I nod slowly, brushing a hand down her hair. “It always belonged to you. Even before you knew.”
Her fingers find the center of my palm, tracing slow circles like she’s still grounding herself. “And you?”
“I go back to work,” I say, voice low. “The Council can’t hide me forever. I have debts to settle. Power to reclaim.”
“You’ll be different now,” she murmurs, watching me carefully.
“I already am.” I meet her eyes. “But I’ll be stronger for it. And so will you.”
She leans forward, mouth brushing my jaw. “We’ll do it together?”
“Always you,” I promise, my voice breaking just a little. “Always us. No more giving pieces of ourselves away.”
We dress in silence—not heavy or awkward, but reverent. Like something sacred has been rewritten between us. Her movements are smooth now, deliberate. Gone is the fragility that once lived in her frame. Her eyes, when they meet mine, are bright with clarity and strength. Not the kind she had before—but something new. Something earned.

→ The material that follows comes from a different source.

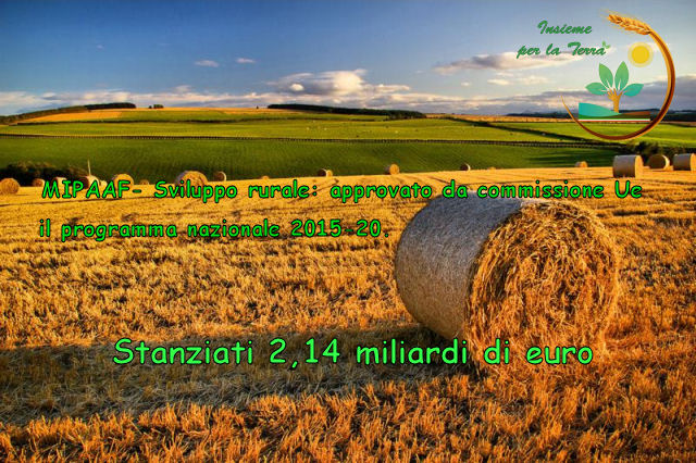 MIPAAF su sviluppo rurale: approvato da commissione UE il programma nazionale 2015-20. Stanziati 2,14 miliardi di euro

When I reach for her hand, she takes it without hesitation. No words pass between us as we leave. None are needed.
The Council doesn’t summon us. They don’t need to. The moment our bond reformed, the Loom stirred awake, sending a pulse through the old veins of Hell that only the ancient would understand. And they felt it. They knew.

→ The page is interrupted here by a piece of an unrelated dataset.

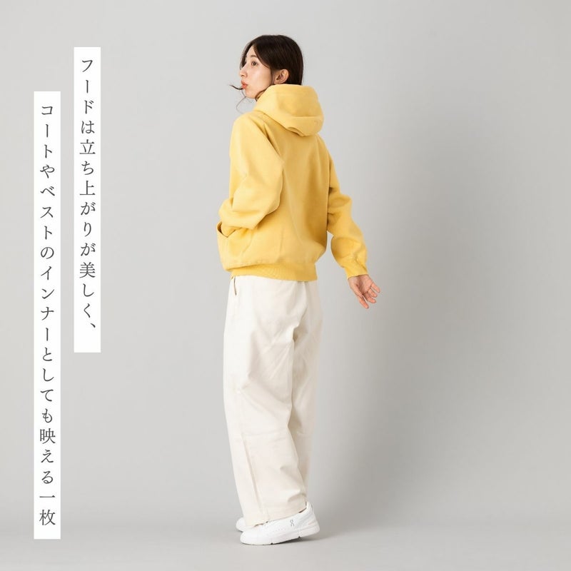 フードの立ち上がりがきれいなので、コートやベストに合わせたスタイリングがおすすめです。

We walk together through the deepest corridors of the underworld—past the Vaults, beyond the Throne Hall, through the roots of Hell where even shadows are afraid to linger. At the very end, the doors wait.
Obsidian. Towering. Carved with old runes too deep for translation. They do not open for me.
But for her they part like breath, slow and thunderous.
The room beyond is nothing but darkness to my eyes. I see walls carved in black stone. An altar of sorts. And in the center, what I know must be the Loom. I can't see it—not truly. Not without her eyes, without her power. Without what she was always meant to become.
But I feel it. Ophelia steps inside alone.
She doesn’t hesitate. Doesn’t flinch. She walks with the kind of certainty you don’t learn—you remember. Like her feet already knew the way. I stay at the threshold, because this isn’t my place. This part belongs to her.
She moves toward what I cannot see, guided by a pull older than memory. When she kneels, it is not submission—it is arrival. And I let her go, into the dark, into the silence, into what was always hers.